On the sun-baked ledge outside the window of Joe's office sat a horned lizard. It stared at him with a steady eye, occasionally offering a languid blink. Joe had his feet propped up on his desk at an angle that allowed him to gaze out the window at the scattering of tall saguaro cactuses, arms held high, wading through a sea of brittlebush and hedgehog cactus and bursage on their way to the shimmering brown hills rising from the desert floor some six miles distant. Blue sky above, brown land below, hot and dry; Joe loved the desert.

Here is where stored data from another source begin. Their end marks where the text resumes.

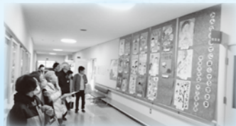
安心安全なまちづくり支援事業

地域の一斉清掃、配食やデイサービスのボランティア、小・中・高等学校児童生徒の夏休みボランティアなど安心して活動が出来るよう支援させていただきます。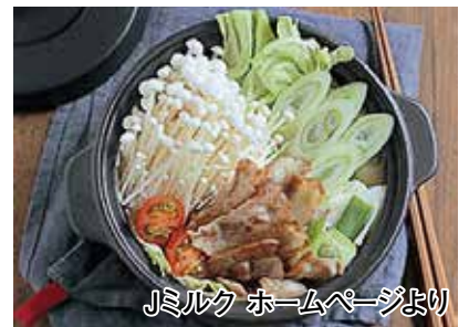
Jミルク ホームページより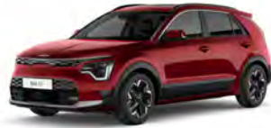
Červená Runway (CR5)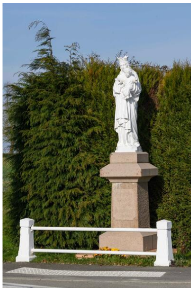
Vue d'ensemble de la statue de la Vierge à l'Enfant (1950). IVR52_20254900246NUCA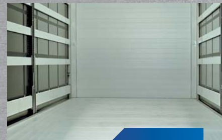
wzmocniona aluminiowa podłoga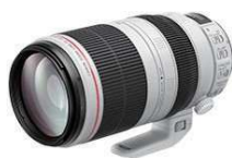
EF100-400mm F4.5-5.6 IS Ⅱ USM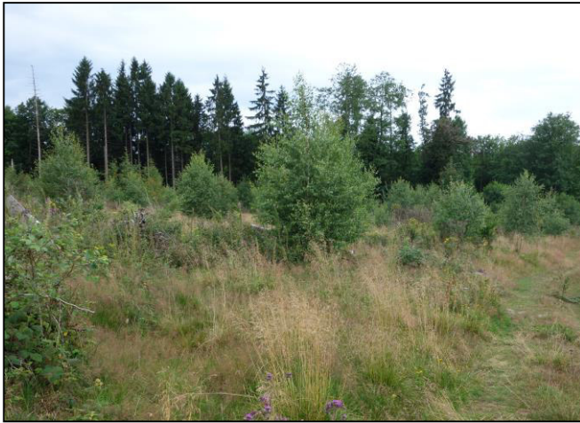
Windwürfe (hier bei Angelburg/MR) werden als Sekundär-/Primärhabitat immer essenzieller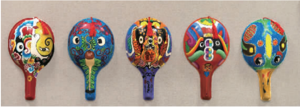
手工类一等奖 奉化市裘村镇中心小学 裴媛萌、沈洁 《手绘脸谱》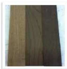
Niveles de tostado (medio, medio plus y fuerte)

Origen: Roble Francés curado al aire 18 meses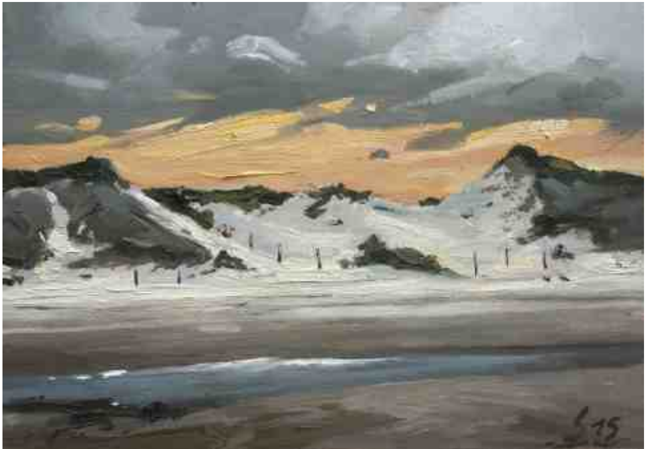
Bergen aan Zee Stranddünen abends 2015 | Öl/Karton | 14 x 20 cm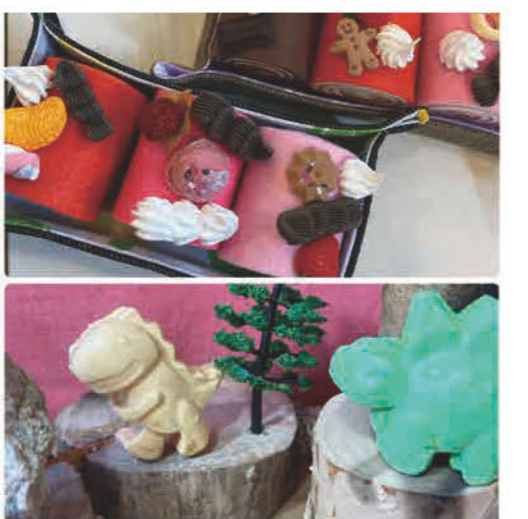
★WS/ フェルトロールケーキデコと 恐竜のすみかを作ろう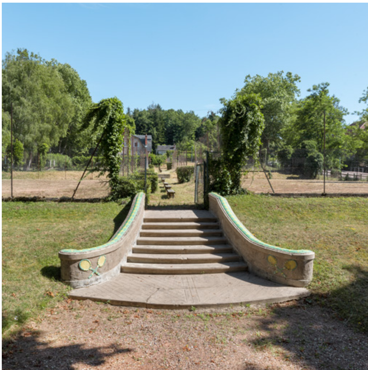
Escalier conduisant aux courts de tennis, vue de face.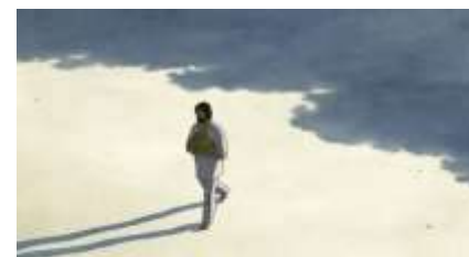
Échecs successifs - 12 -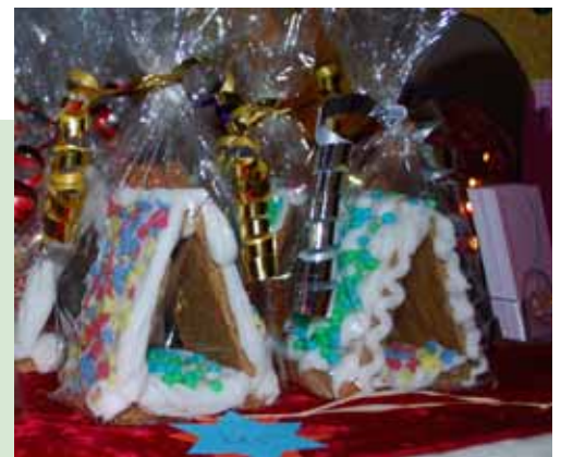
Fotos von dem weihnachtlichen Basar der Fachkliniken Nordfriesland in Breklum: S. 19

He and the lizard had been staring at each other for several minutes before Joe finally conceded the win to the lizard and slid his feet off the desk. The clock hanging on the wall opposite him said twenty-five minutes to four. Twenty-five minutes and another day at the office would bite the dust. Twenty-five minutes and he would escape this mind-numbing, soul-sucking job and go home. Until tomorrow, when he would come back and do it all over again.

"Just quit," his wife told him whenever he brought it up. "Find another job, or retire."

"I wish I could retire," he said, "but I gotta put in a few more years before we can afford to, and finding another job at my age isn't gonna be easy. Somehow I gotta stick it out where I am."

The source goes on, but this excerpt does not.